The competition is over since monday morning so it's not to cheat in the competition that I ask help.

The challenge I'm blocking on his of medium difficulty (says HackerRank competition, I found it hard enough^^).

I would like your advice on how I could improve my code performance-wise.

I'll announce the problem, and then show you what I've done

GEOMETRIC TRICK:

Consider a string \$s\$ of length \$n\$ consisting of the character in the set \$\{a,b,c\}\$. We want to know the number of different \$(i,j,k)\$ triplets (where \$0 \le i,j,k \lt n\$) satisfying two conditions:

  • \$s[i] = “a”, s[j] = “b”, s[k] = “c”\$

  • \$(j + 1)^2 = (i + 1)(k + 1)\$

We consider two triples \$(i,j,k)\$, and \$(x,y,z)\$, to be different if and only if \$i \ne x\$ or \$(j \ne y)\$, or \$(k \ne z)\$.

Given \$n\$ and \$s\$, find and print the number of different \$i,j,k\$ triples. My approach

Example

Given the string "ccaccbbbaccccca" of length 15, the final result is 2.

  • {2,5,11} satisfy both conditions
    • s[2] = 'a', s[5] = 'b' and s[11] = 'c'
    • (5 + 1)² = (2 + 1)(11 + 1)
  • {8,5,3} satisfy both conditions
    • s[8] = 'a', s[5] = 'b' and s[3] = 'c'
    • (5 + 1)² = (8 + 1)(3 + 1)

We find 2 triples that match the 2 conditions so the answer is 2.

The code

gist link = https://gist.github.com/JulienRouse/cafbce417bbc2a4f6303df10df20d445

Code here:

/**
 * Consider a string s of length n with alphabet {a,b,c}.
 * We look for the number of different triplet (i,j,k) where 0<=i,j,k<n, satisfying!
 * - s[i] = "a", s[j] = "b", s[k] = "c"
 * - (j + 1)² = (i + 1)(k + 1) 
 * @param s A string we look the triplet in
 * @return Number of different triplets such as enonced above. 
 */
public static int geometricTrickv2(String s){

    Set<Integer> indexA = new HashSet<>(s.length());
    Set<Integer> indexC = new HashSet<>(s.length());

    List<Integer> indexB = new ArrayList<>();

    for(int i=0;i<s.length();i++){
        if(s.charAt(i)=='a')
            indexA.add(i);
        if(s.charAt(i)=='b')
            indexB.add(i);
        if(s.charAt(i)=='c')
            indexC.add(i);
    }


    int res = 0;
    for(int tmpB:indexB){
        int powB = (int)Math.pow((double)(tmpB+1),2);
        for(int i=2;i<=Math.sqrt((double)powB);i++){
            if(powB%i==0){
                if(i != powB/i)
                    if(indexA.contains(i-1)&&indexC.contains(powB/i-1))
                        res++;
                    if(indexC.contains(i-1)&&indexA.contains(powB/i-1))
                        res++;
                else
                    if(indexA.contains(i-1)&&indexC.contains(i-1))
                        res++;
            }
        }

    }

    return res;

}

Explanation

First thing: I build 2 HashSet with the indexes of the letter 'a' and 'c' and a list of the indexes of the letter 'b' in the string s.

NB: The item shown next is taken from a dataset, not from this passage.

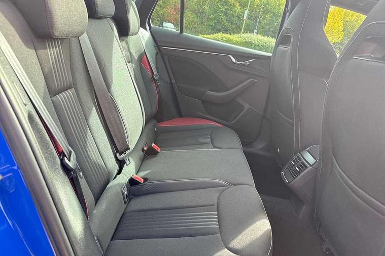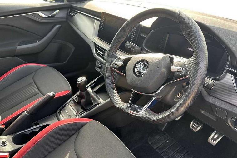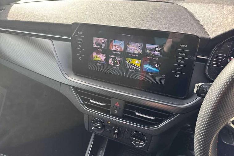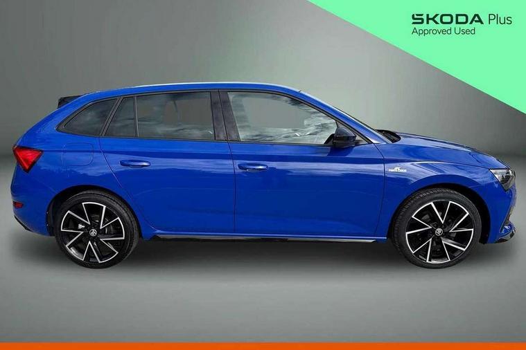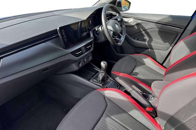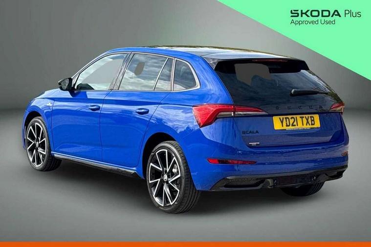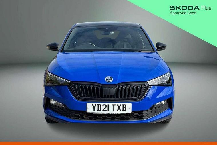 Amundsen satellite navigation with 9.2" glass colour touchscreen with virtual cockpit, web radio and traffic sign recognition, Bluetooth system, Easy light assist, Front assist system, Lane assist, Monte carlo instrument cluster, PAS, Rain and light assist with auto dimming rear view mirror, Speed limiter, 2 USB - C ports, 8 loudspeakers, DAB Digital radio, Black door mirrors, Black radiator grille, Black rear diffuser, Black roof spoiler, Black sill cover, Body colour door handles, Boot lettering in black, Electric folding door mirrors, Electrically adjustable and heated door mirrors, Front and rear electric windows, Front fog lights, Front sport bumper, LED daytime running lights, Monte carlo plaque, Privacy glass, Skoda across tailgate in black, Tinted windows, 12V Accessory socket in centre console, Aluminium pedals, Black roof lining, Chrome inner door handles, Cloth upholstery, Decor strip on dashboard and door panel, Door sills with lettering, Front centre armrest with stitching, Front gesture control, Front head restraints, Front sport seats, Glasses storage in roof liner, Height adjustable passenger seat, ISOFIX for rear passenger seat, Leather gearknob and handbrake lever, Manual lumbar support for front seats, Reading lights for driver and front passenger, Sun visor with make up mirror for front passenger, Textile floor mats, Third rear headrest, Umbrella, Exterior design pack - Scala, 3x3 point rear seatbelts, Curtain airbags, Emergency call and proactive services, Front head and side airbags, Hill hold control, One tone horn, Passenger airbag switch off function, Seat belt reminder for all seats, Alarm, Anti-theft wheel bolts, Remote central locking with 2 remote folding keys, SAFE function for remote central locking, Chrome air vent surrounds, 18" Vega alloy wheels in black, Temporary space saver wheel,

Then, I'll work with the given condition \$(j + 1)^2 = (i + 1)(k + 1)\$, which can be seen as:

  • find i and k such as \$i+1\$ and \$k+1\$ are complementary divisor of \$(j+1)^2\$

(By complementary I mean: say you have 25, his divisors are 1,5 and 25. 1 and 25 are complementary in the way that 1*25 = 25, 5*5=25 but 1*5!=25. so 1 and 25 are complementary, 5 is complementary with himself but (1 and 5) and (5 and 25) are not complementary )

To find all the divisor of n, I only need to search up until sqrt(n). (It's a property I remember from high school, hope I didn't screw up) because I can calculate the divisor and their complementary counterpart on the same iteration.

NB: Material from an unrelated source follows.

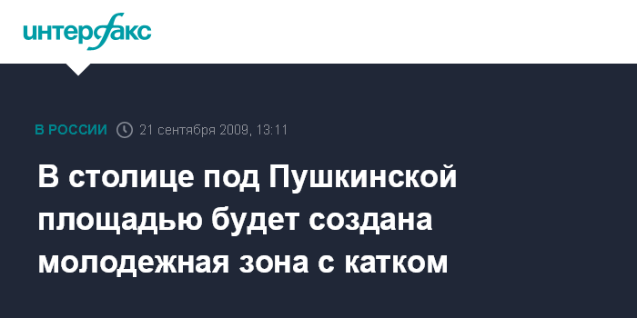 В столице под Пушкинской площадью будет создана молодежная зона с катком

Then once I am calculating those divisor, I need to check if they are in the HashSet containing the indexes of 'a' and 'c', and satisfying the condition.

Complexity

We say m = number of letters 'b' If I'm not mistaken, complexity is \$O(m \sqrt{m})\$ (For each index of 'b', I compute his divisor in \$\sqrt{m}\$ times and every other operation is \$O(1)\$ or not in the loop)

My problem

When I submitted my code to the challenge, the result where correct when string s was small, but quickly timed out for bigger input. There must be a better solution but I can't find so if anybody got suggestions on algorithms I would greatly appreciate.

Also if you have any tips to give me about code clarity, about problem solving or anything that makes me learn and improve. It will be really great.

Thanks for reading all the way, sorry for my English.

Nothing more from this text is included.